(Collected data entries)
————————

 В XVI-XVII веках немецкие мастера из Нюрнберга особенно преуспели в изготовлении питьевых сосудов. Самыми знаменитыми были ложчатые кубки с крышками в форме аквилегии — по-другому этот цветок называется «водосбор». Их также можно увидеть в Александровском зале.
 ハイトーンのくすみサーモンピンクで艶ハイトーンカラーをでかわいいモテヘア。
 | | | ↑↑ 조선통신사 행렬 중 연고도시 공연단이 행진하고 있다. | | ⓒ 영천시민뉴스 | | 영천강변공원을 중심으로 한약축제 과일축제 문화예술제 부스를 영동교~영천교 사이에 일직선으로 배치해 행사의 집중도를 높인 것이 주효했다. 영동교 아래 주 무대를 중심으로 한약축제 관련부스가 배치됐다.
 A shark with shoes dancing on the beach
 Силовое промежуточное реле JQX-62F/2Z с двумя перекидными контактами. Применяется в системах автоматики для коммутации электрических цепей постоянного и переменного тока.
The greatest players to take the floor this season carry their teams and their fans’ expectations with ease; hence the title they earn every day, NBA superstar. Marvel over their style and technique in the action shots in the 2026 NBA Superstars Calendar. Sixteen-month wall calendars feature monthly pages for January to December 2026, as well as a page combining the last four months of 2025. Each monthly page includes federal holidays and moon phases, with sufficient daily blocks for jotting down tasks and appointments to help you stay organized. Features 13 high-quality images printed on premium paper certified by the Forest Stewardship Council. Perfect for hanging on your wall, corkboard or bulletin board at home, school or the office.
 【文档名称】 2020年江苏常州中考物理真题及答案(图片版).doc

————————

--- Your goal ---
Give the records again, complete and exact.

--- Reply ---
 В XVI-XVII веках немецкие мастера из Нюрнберга особенно преуспели в изготовлении питьевых сосудов. Самыми знаменитыми были ложчатые кубки с крышками в форме аквилегии — по-другому этот цветок называется «водосбор». Их также можно увидеть в Александровском зале.
 ハイトーンのくすみサーモンピンクで艶ハイトーンカラーをでかわいいモテヘア。
 | | | ↑↑ 조선통신사 행렬 중 연고도시 공연단이 행진하고 있다. | | ⓒ 영천시민뉴스 | | 영천강변공원을 중심으로 한약축제 과일축제 문화예술제 부스를 영동교~영천교 사이에 일직선으로 배치해 행사의 집중도를 높인 것이 주효했다. 영동교 아래 주 무대를 중심으로 한약축제 관련부스가 배치됐다.
 A shark with shoes dancing on the beach
 Силовое промежуточное реле JQX-62F/2Z с двумя перекидными контактами. Применяется в системах автоматики для коммутации электрических цепей постоянного и переменного тока.
The greatest players to take the floor this season carry their teams and their fans’ expectations with ease; hence the title they earn every day, NBA superstar. Marvel over their style and technique in the action shots in the 2026 NBA Superstars Calendar. Sixteen-month wall calendars feature monthly pages for January to December 2026, as well as a page combining the last four months of 2025. Each monthly page includes federal holidays and moon phases, with sufficient daily blocks for jotting down tasks and appointments to help you stay organized. Features 13 high-quality images printed on premium paper certified by the Forest Stewardship Council. Perfect for hanging on your wall, corkboard or bulletin board at home, school or the office.
 【文档名称】 2020年江苏常州中考物理真题及答案(图片版).doc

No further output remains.